Neste panorama, o Plano Nacional de Educação (PNE), que passou a

vigorar com a Lei número 13.005/14, em sua meta 1 tem a pretensão de:

Universalizar, até 2016, a educação infantil na pré-escola para as crianças de 4 (quatro) a 5 (cinco) anos de idade e ampliar a oferta de educação infantil em creches de forma a atender, no mínimo, 50% (cinquenta por cento) das crianças de até 3 (três) anos até o final da vigência deste PNE. (BRASIL, 2014)

Universalizar traz a ideia daquilo que é de qualidade ou caráter universal,

abrangente, comum a todos, porém, mesmo que o percentual de crianças

matriculadas em creches e em pré-escolas aumente a cada ano, ainda existe

uma grande quantidade de crianças fora do sistema. E mesmo que as crianças

sejam atendidas de acordo com a porcentagem prevista, fica o alerta para a

qualidade deste atendimento e principalmente para a formação desses

profissionais da infância.

Os profissionais da docência e da pedagogia têm direito a visões mais

críticas sobre as estruturas escolares. Uma estrutura que respeite e não violente

os processos de formação, socialização e desenvolvimento de aprendizagens

próprias do tempo humano, social, cultural, identitário da infância.

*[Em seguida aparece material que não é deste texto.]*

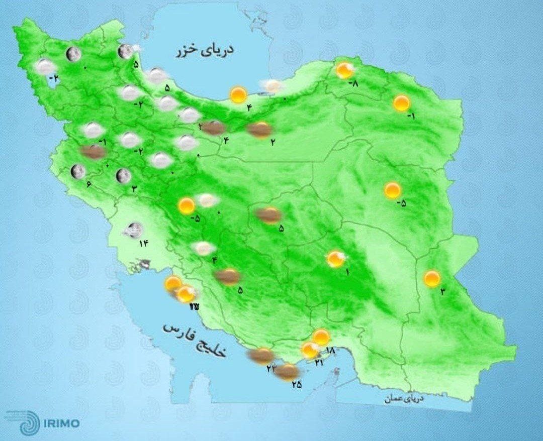 در این روز، برای سواحل غربی دریای خزر افزایش ابر و بارش پراکنده انتظار می‌رود و در سایر نقاط کشور جوی پایدار پیش‌بینی می‌شود.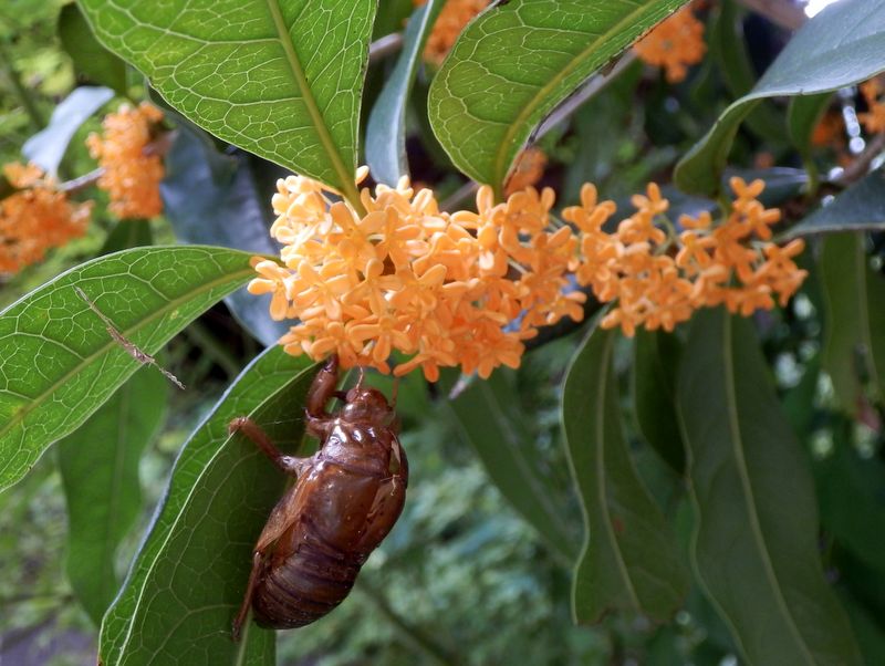 -- キンモクセイと空蝉(ぬけがら)。10:14

Por fim, Arroyo (2013, p.191) ressalta “que a chegada tardia da infância

reeduque nosso sistema escolar para ser mais humano, mais público, mais

espaço digno de sujeitos de direitos”. Esta dissertação assume a concepção de

currículo para infância, tal como definida na DCNEI, assim como um meio de

articular as aprendizagens significativas, tendo como ponto de partida o contexto

da criança. Dessa forma, refletir sobre um currículo em ação que compreenda

as reais especificidades do campo da Educação Infantil, se faz necessário para

a viabilização de uma educação de qualidade.

1.3. Educação Infantil: responsabilidade do município

“Prô, quando eu crescer vou querer ser criança ainda.” Emilly (5 anos)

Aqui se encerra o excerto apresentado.